***** Data shown
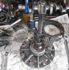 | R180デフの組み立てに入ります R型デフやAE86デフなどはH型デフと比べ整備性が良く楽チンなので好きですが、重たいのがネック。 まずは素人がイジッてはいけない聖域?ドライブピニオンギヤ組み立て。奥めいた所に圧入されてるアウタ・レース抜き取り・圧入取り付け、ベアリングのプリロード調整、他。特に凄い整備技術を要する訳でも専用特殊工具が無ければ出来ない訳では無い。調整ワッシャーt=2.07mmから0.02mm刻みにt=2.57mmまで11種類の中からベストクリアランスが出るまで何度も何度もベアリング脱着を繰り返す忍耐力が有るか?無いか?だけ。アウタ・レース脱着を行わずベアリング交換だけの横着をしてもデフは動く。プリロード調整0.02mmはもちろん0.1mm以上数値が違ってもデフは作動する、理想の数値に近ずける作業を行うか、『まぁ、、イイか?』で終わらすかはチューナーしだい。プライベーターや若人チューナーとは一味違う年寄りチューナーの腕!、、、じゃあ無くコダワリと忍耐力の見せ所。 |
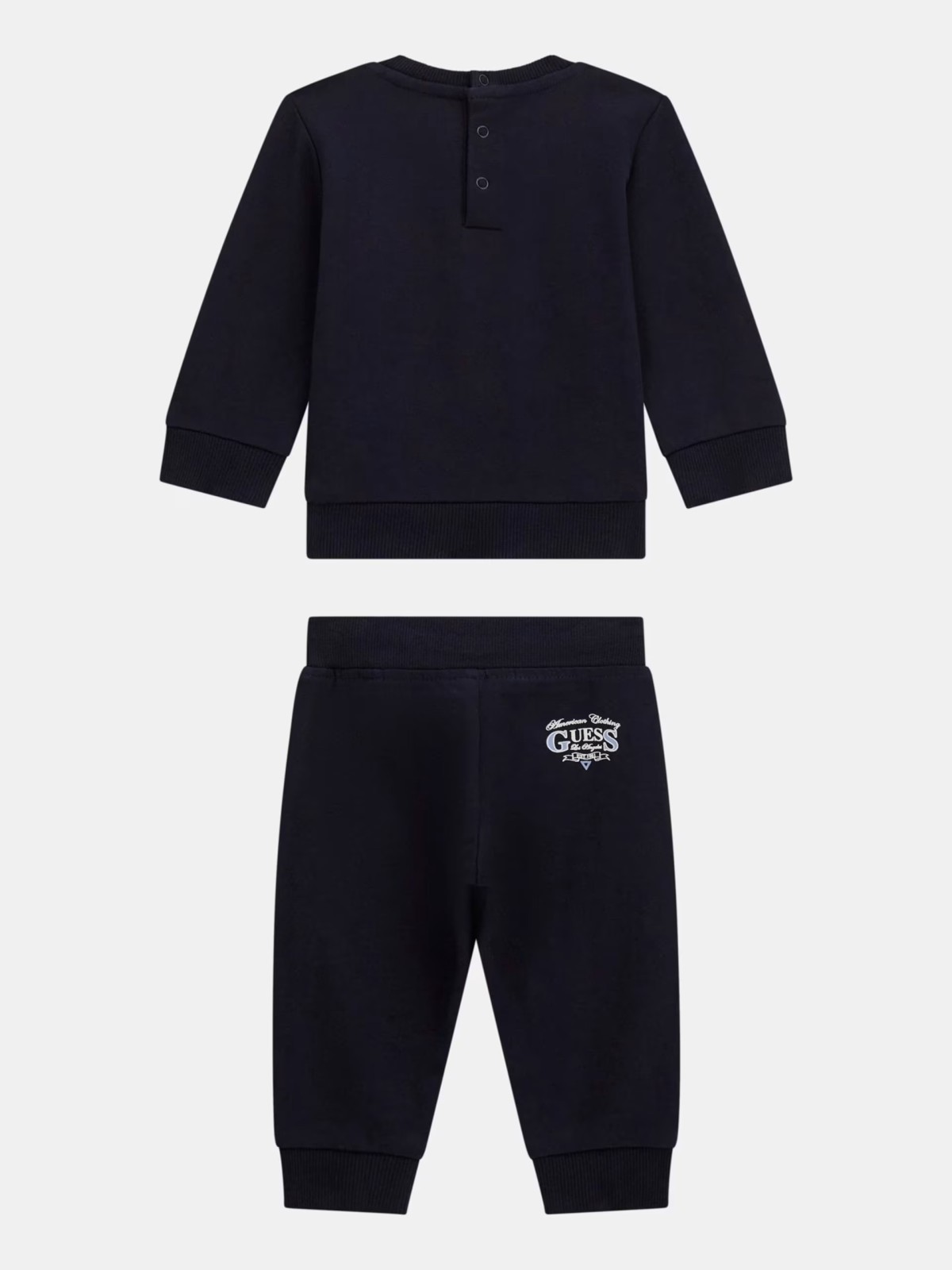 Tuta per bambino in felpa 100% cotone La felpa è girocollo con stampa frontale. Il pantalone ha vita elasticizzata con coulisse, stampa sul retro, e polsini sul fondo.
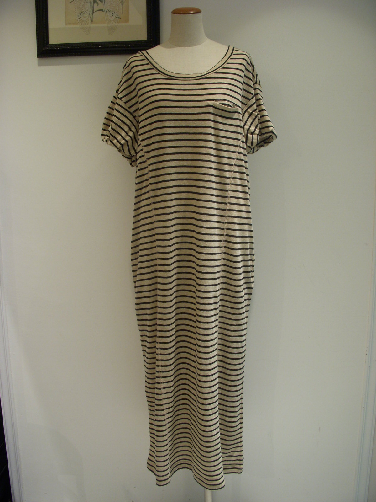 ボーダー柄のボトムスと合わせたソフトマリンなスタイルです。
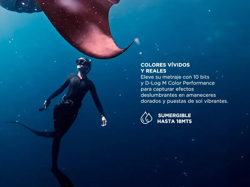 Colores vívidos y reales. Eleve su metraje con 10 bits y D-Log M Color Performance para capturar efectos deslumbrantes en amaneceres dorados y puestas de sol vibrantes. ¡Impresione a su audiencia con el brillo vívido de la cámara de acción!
**********
[Exercise requirements] In the listing above, the required lines run from the line with "Tuta per bambino" through the line with "ボーダー柄のボトムスと合わせたソフトマリンなスタイルです。". Output exactly those lines, omitting pictures.

[Solution for this task]
 Tuta per bambino in felpa 100% cotone La felpa è girocollo con stampa frontale. Il pantalone ha vita elasticizzata con coulisse, stampa sul retro, e polsini sul fondo.
 ボーダー柄のボトムスと合わせたソフトマリンなスタイルです。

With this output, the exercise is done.